VMware vMotion, how it works in background while moving from one ESXi host to another

- May 13, 2018

Though vMotion and Storage vMotion each serve a different purpose, they feature a large amount of overlapping technology. Therefore these two vSphere functions fit well together in one chapter. Both technologies are proactive. This means vMotion is used to migrate virtual machines between running ESX-hosts while Storage vMotion migrates the data between fully functional data stores on the virtual machines. Both vSphere features are no longer usable when the source or the destination is offline.

VMware vMotion and Storage vMotion effectively protect against downtime because they can bridge maintenance windows on the hosts and datastores without any interruption of service. However, contrary to popular speculation, they are not tools designed to increase high availability.

vMotion

Readers have certainly already heard of VMware vMotion, the live migration function within VMware vSphere , so this introduction will be brief. vMotion is the tool with which active virtual systems can be migrated from one ESX-host to another without any interruption to the virtual machines themselves or to their provided services. With vSphere 5.x previous limits on simultaneous migrations of virtual machines on an ESXi-host- and datastore-basis have been lifted. This procedure was previously only possible as a cold migration process with offline VMs.
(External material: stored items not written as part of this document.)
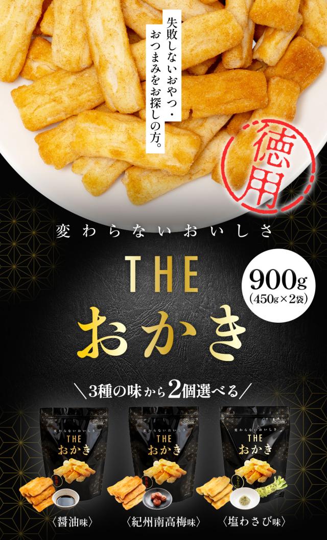 訳あり 3種から2個選べるTHEおかき 900g(450g×2袋) おかき 割れおかき メガ盛り 醤油味 紀州南高梅味 塩わさび味 送料無料 大容量 ワケ有 わけあり 訳アリ ワケアリ グルメ お菓子 おつまみ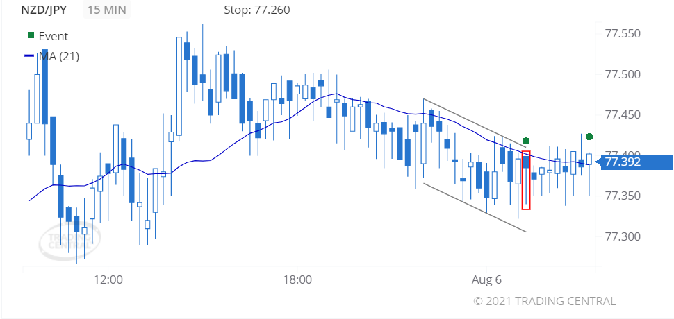+0.007 (0.7 pips) price change since the Technical Event at 77.385
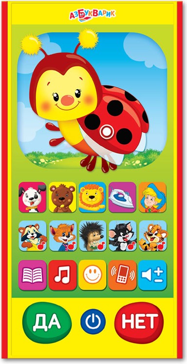 Азбукварик Смартфончик «Божья коровка Знайка»В данный момент этот товар отсутствует в продаже. Возможно, у нас найдется аналогичный или похожий товар здесь. Серия: Смартфончик В этом смартфончике есть все, что любят малыши: и увлекательная викторина, и мультсказки, и любимые песенки! Божья коровка Знайка говорит и поет — стоит только к ней прикоснуться! Выбери одну из 5 игровых тем: питомцы, лес, зоопарк, помощники и мультики. В каждом теме — 10 увлекательных вопросов, попробуй ответить на все! |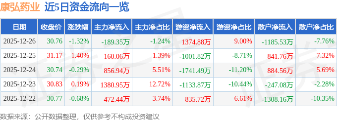 证券之星消息,截至2025年12月26日收盘,康弘药业(002773)报收于30.76元,下跌1.32%,换手率0.72%,成交量4.95万手,成交额1.53亿元。

Figure 1: VMware vMotion or VMware Storage vMotion makes it possible to move an active VM on a host basis as well as on a datastore basis.

The vMotion process has become so refined that even in tests at trade shows involving hundreds of thousands of virtual machines vMotion migrations never lost a VM or distupted a VM’s services. However not every virtual machine is well suited for vMotion. This point will be further discussed later in the chapter.

Functionality

Upon delving a bit deeper into vMotion one must admit that the functionality is both simple and ingenious. It ensures system reliability during a traditionally problematic time – maintenance of the host. Additionally it is easy to notice in vMotion how important it really is to separate the hardware from both the operating system and the applications.

ooking at the details of the vMotion process from the point of view of a virtual machine.

Figure 3: The vMotion procedure from the point of view of the virtual machine

The first step is to ensure that the source VM can be operated on the chosen destination server.
Then a second VM process is started on the target system and the resources are reserved.
Next a system memory checkpoint is created. This means all changes to the source VM are written to an extra memory area.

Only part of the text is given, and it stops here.